As COVID-19 cases rose and lockdown measures came into effect around the world, commercial building occupancy dropped dramatically, from 100% to almost zero in the space of a week in many places. Many might expect near-zero occupancy to mean near-zero energy consumption, but new data reveals that this is not the case. In fact, many offices, shopping malls, and entertainment complexes are consuming 80% or more of their usual full-occupancy energy levels, highlighting huge cost implications for businesses, building owners, and the environment.
In the UK, energy performance consultants Carbon Intelligence revealed that energy use across a sample of 300 office, hotels, and retail buildings dropped on average by just 16% in the last week of March, when the government mandated that people socially distance, avoid travel, and work from home. Despite the UK’s strict social distancing measures preventing all non-essential staff from entering these buildings, the worst 10% of buildings still used approximately 97% of their typical energy demand.
“Unfortunately the vast majority of buildings are not managed well. That has become really obvious during the lockdown. The average building – despite being empty – is still using over 80% of the energy it consumes when it is full. Which is mad,” Cian Duggan, founder of Carbon Intelligence, said in an interview with i. “If you’re not achieving savings in the region of 50%, then you’re leaving money on the table and you’re contributing unnecessarily to the climate change problem.”
In the US, commercial centers like New York City and the San Francisco Bay Area have seen the greatest declines in overall energy consumption, with the Energy Information Administration forecasting a potential 4.7% annual decline in 2020. The organization’s Short-Term Energy Outlook (STEO) this August predicts carbon dioxide (CO2) emissions to decrease by 11.5% (588 million metric tons) in 2020, a record decline due to restrictions on business and travel activity and slowing economic growth related to COVID-19 and its various mitigation efforts.

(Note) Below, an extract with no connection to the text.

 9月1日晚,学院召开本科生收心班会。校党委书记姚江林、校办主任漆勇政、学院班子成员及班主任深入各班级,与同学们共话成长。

This is great news for the environment and our efforts to combat climate change but it doesn’t mean it couldn’t have been better with a little more help from our “smart” buildings. According to Hatch Data, which monitors 400 million square feet of commercial real estate for more than 250 clients, office building energy consumption fell steadily through March and into April, but it did not fall off a cliff. “It was a bit surprising, looking at the data, that these reductions weren’t larger,” Ben Mendelson, the firm’s CCO and co-founder, said in an interview last week, “at least at first glance.”
While there are many examples of wasted energy from unprepared building owners and operators failing to grasp the situation and take measures to reduce the cost and environmental impact of their facilities — the reality is that you can’t just turn off a building, they just weren’t designed that way. Emergency lighting and security are essentially “always-on” technologies, while other systems need significant care and maintenance in order to be shut-off for any significant length of time. “Commercial buildings are way more complex than homes. Unless you are totally mothballing a building, it’s very hard to switch off everything,” said Duggan.

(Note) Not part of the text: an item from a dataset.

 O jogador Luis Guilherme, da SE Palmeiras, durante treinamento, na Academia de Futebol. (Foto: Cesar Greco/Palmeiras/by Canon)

HVAC systems generally account for at least a third of building energy consumption, but the mechanics and the substances used for their operation need to be active to avoid damaging the system itself — uncirculated water leading to corrosion, for example. Elevators left off for long-periods will require attention from technicians before resuming, lighting must comply with minimum safety codes at all times, while security systems have a purpose, even when there are no people to protect. Just like when workers go home at the end of the day, the building hums in anticipation of their return.

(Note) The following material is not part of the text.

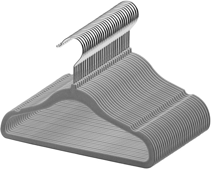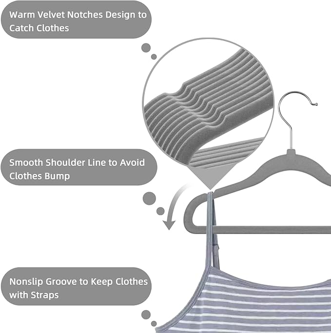 - 1. Space saver velvet kids hangers. Ultra thin slim velvet coat hangers is 0.2 inch thickness, which is thinner than other flocked baby hangers, take up less space in closet organization.

Data servers running business tasks must remain on to support the fully active remote workforce, while those running building tasks must support minimum system levels and remote operation. Furthermore, in the rush out of the office as lockdowns set in, millions of coffee machines, water coolers, computers, and other appliances were left plugged-in, resulting in a significant cumulative stand-by power strain that now seems very unnecessary. Not many building operators have a single button that can identify and turn-off all those appliances, but maybe they should.
As the fear of second waves of the virus turns into a realization that the first wave is still going strong, we must begin to accept that we are moving into a COVID-era that may last quite a while. If a vaccine is developed by the summer of 2021, it will be the fastest ever developed, and if we can vaccinate the world in a decade it will be a major achievement. The virus is here to stay and that means buildings will be in and out of use, unlikely to ever reach the pre-COVID occupancy levels and often completely empty.
Rather than using all its energy to fight this reality with in-building social distancing and hygiene policies or technologies, the industry should spare some effort to create a stand-by mode for buildings. That “single button” that can reduce energy consumption down to a minimum, whether for 50% occupancy or for zero.
That low-energy water circulating HVAC mode, elevator hibernation setting, or emergency and security systems that can turn-off more when there are no people to protect. True smart buildings are those that adapt to their purpose at any time, and in the COVID-era that purpose is often to turn-off better.